I watched her from my own bed. My green hair contrasted against the white sheet. My breathing was slow and deep. Her expression was calm. Relaxed. There was something profoundly different about her that night. She wasn’t the brilliant, reckless mage. She wasn’t the strategist calculating impossible risks. She was the person behind all that. With her endless fatigue. Her quiet strength. Her heart beating beneath her ribs. A heart that surely beat in the same fast rhythm as mine.
“Leah,” I called softly. Almost a whisper.
“Mmm?” she replied, not opening her eyes.
“Thank you.”
She slowly opened her eyes. Tilted her head on the pillow to look at me. Her blonde hair spilled like liquid gold across the white fabric.
“For what?” she asked, her voice hoarse with exhaustion.

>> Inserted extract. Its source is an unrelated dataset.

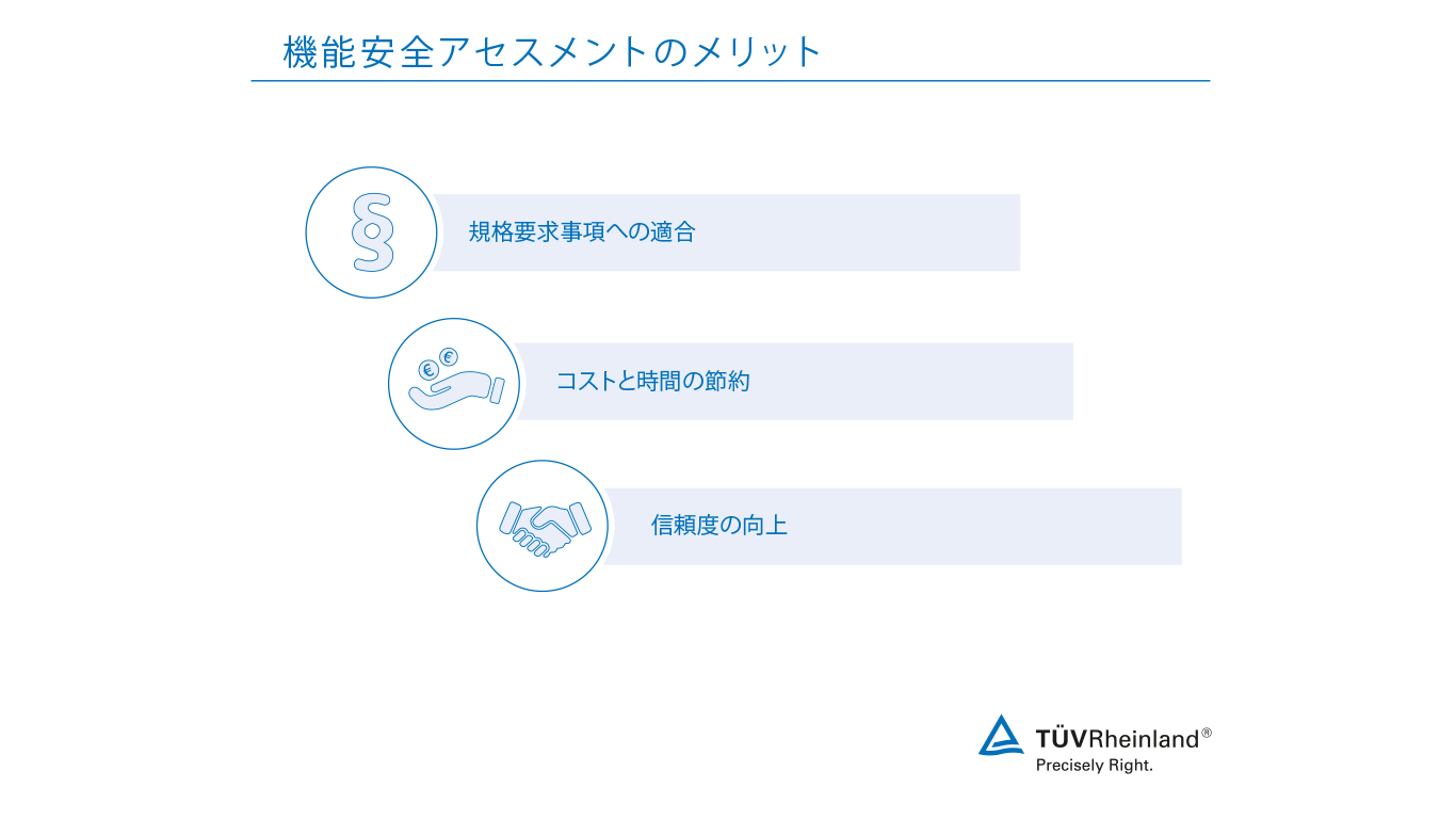 テュフ ラインランドは第三者認証機関として、機能安全の分野においても豊富な経験を有します。また、テュフ ラインランドの機能安全認証書とその認証マークはグローバルに認知されています。

“For not giving up out there,” I said. The words came clumsy, but I needed to say them. “For believing we could make it. Even when everything around us was burning. When there was nothing left to hold on to.”
Her smile was so faint I barely saw it in the dim light. A ghost of an expression.

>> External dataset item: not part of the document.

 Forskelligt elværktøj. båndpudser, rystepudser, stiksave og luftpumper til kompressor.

“That goes both ways, Lotte,” she whispered.
Then, half-asleep, she murmured something else. Something that burned itself into my soul.
“I don’t know what I’d be if you weren’t by my side. I don’t want to know.”
I didn’t reply. I couldn’t. Emotion sealed my throat. I just watched her. Watched her eyelids close completely. The rhythm of her breathing grow deep and steady. Her body sink into the mattress, surrendering to sleep.
In silence, I rose. Crossed the room in a few steps. Reached a hand toward the floating lamp. Touched it with my fingertips. Felt the smooth, warm glass under my skin. With a simple thought, I extinguished it.
Darkness filled the room at once. A soft darkness, cushioned by the faint moonlight filtering through the window.
Outside, Kreston’s murmur remained alive. The city never fully slept. But inside this small, simple room, everything was still. There were synchronized breaths. Two souls finding a moment of peace amid the storm.
And for the first time since the tournament had begun—since the white masks had appeared in our lives—I allowed myself to close my eyes, knowing that despite all the danger, despite the uncertainty of tomorrow... I wasn’t alone in the dark.